Data to examine: Begin
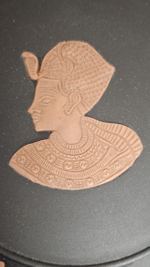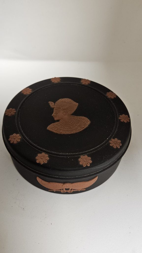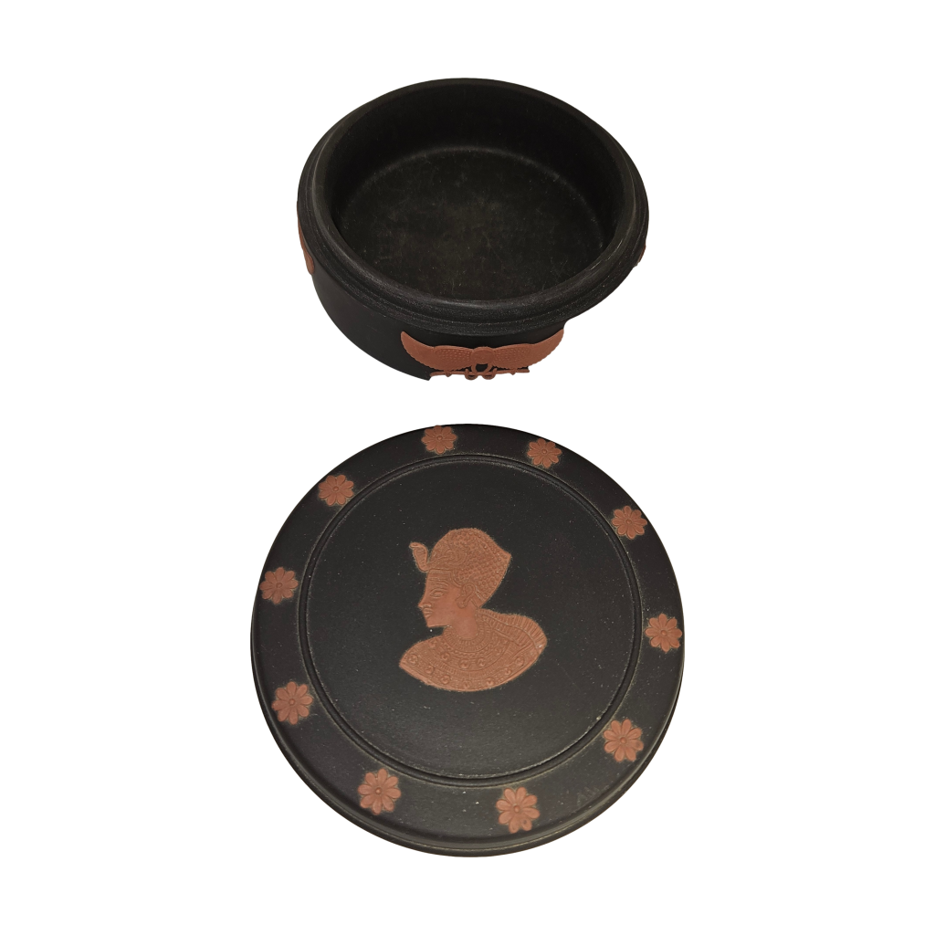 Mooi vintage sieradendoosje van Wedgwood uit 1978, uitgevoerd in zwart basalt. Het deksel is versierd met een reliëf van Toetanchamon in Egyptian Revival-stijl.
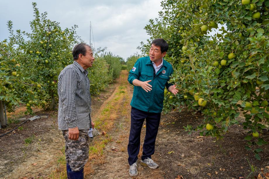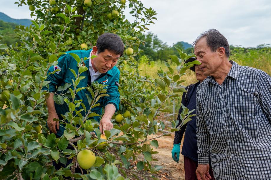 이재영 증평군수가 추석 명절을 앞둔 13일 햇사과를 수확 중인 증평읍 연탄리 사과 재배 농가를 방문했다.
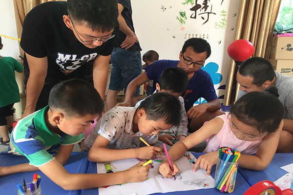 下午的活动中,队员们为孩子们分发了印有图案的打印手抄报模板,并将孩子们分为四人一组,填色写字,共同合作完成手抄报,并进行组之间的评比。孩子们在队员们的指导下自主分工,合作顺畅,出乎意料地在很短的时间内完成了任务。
Data to examine: End
Data to examine: Begin
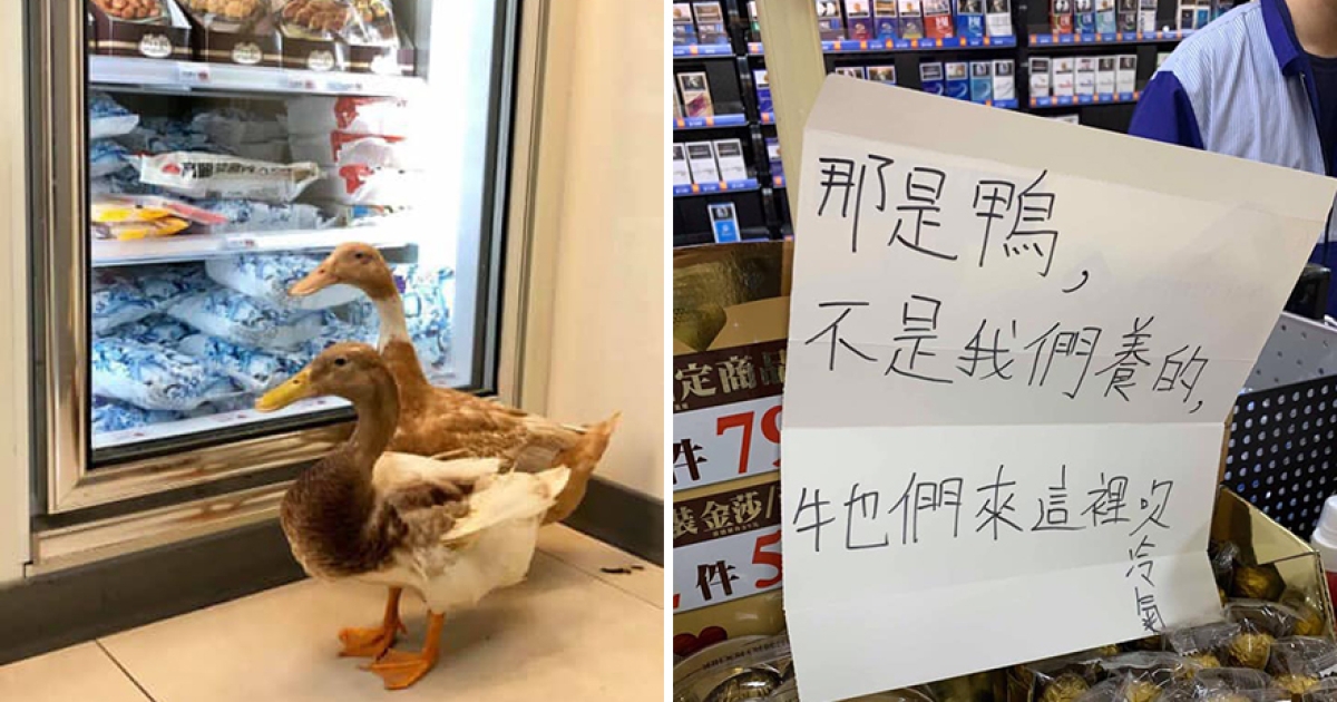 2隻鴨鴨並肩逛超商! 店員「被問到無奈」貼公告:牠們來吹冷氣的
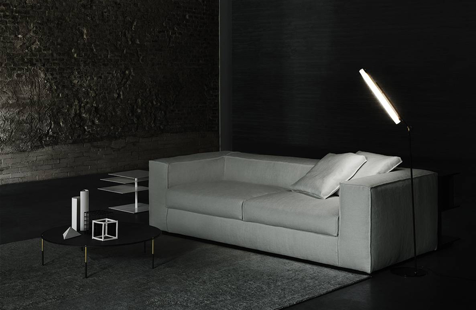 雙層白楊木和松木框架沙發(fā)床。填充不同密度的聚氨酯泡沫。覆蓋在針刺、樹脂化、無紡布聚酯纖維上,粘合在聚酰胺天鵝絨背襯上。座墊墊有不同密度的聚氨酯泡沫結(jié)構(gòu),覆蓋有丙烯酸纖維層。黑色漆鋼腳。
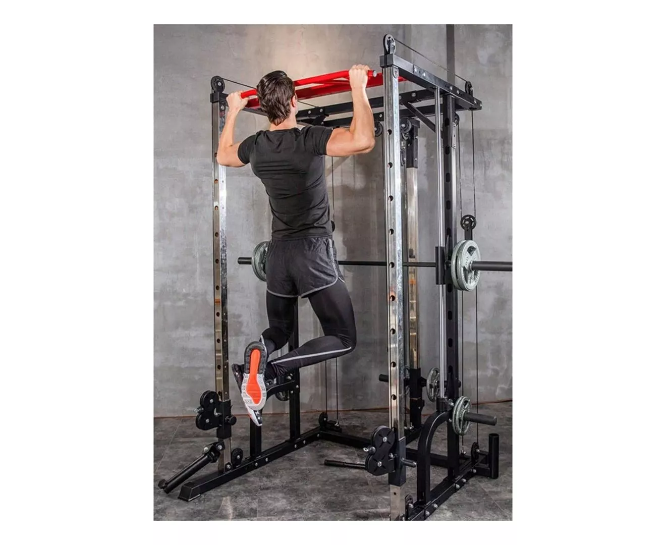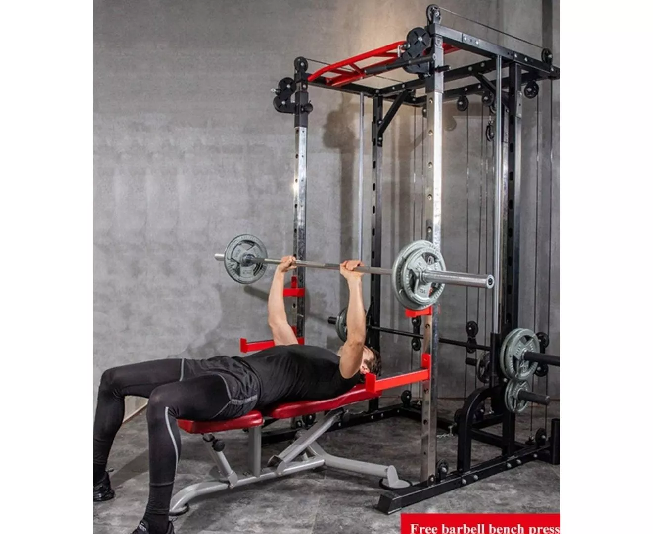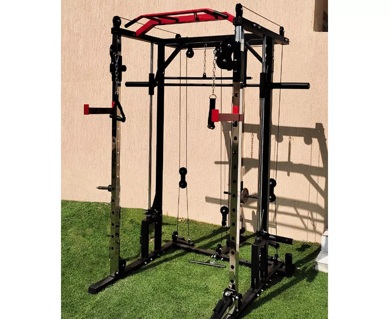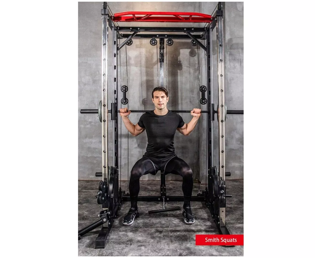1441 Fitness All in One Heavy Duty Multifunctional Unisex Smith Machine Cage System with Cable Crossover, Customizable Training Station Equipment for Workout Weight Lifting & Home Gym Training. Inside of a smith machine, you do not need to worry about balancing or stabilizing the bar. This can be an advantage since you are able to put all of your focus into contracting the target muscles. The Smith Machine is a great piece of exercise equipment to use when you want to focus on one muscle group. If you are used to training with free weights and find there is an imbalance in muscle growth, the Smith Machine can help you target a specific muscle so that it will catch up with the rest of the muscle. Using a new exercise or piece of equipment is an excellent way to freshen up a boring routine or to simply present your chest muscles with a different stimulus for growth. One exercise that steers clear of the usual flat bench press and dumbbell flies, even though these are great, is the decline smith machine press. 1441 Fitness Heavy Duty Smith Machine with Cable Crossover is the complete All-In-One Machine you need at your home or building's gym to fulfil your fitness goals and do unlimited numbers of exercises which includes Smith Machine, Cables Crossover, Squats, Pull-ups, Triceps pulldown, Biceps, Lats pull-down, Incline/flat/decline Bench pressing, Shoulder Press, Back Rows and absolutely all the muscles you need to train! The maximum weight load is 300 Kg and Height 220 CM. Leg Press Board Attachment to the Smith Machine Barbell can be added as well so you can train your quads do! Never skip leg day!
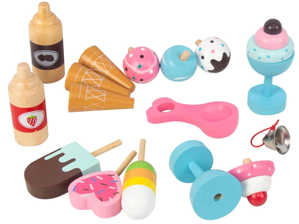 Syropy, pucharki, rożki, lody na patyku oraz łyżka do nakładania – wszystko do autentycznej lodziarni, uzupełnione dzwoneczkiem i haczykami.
Data to examine: End
Data to examine: Begin
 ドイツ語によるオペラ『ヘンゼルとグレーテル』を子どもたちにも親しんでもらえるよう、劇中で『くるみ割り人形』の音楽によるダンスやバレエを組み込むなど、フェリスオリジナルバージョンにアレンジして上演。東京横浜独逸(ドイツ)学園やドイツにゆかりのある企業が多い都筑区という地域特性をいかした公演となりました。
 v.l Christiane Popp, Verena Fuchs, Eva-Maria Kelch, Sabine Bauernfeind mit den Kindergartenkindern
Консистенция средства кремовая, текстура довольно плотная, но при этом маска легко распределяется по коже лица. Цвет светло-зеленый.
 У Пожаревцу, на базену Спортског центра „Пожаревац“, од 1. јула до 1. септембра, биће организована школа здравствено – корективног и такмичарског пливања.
Data to examine: End
Exercise: Using the data above, give again exactly the lines starting at the one holding "2隻鴨鴨並肩逛超商! 店員「被問到無奈」貼公告:牠們來吹冷氣的" and ending at the one holding "雙層白楊木和松木框架沙發(f", inclusive, and nothing more. Omit the pictures.

Reply:
 2隻鴨鴨並肩逛超商! 店員「被問到無奈」貼公告:牠們來吹冷氣的
 雙層白楊木和松木框架沙發(fā)床。填充不同密度的聚氨酯泡沫。覆蓋在針刺、樹脂化、無紡布聚酯纖維上,粘合在聚酰胺天鵝絨背襯上。座墊墊有不同密度的聚氨酯泡沫結(jié)構(gòu),覆蓋有丙烯酸纖維層。黑色漆鋼腳。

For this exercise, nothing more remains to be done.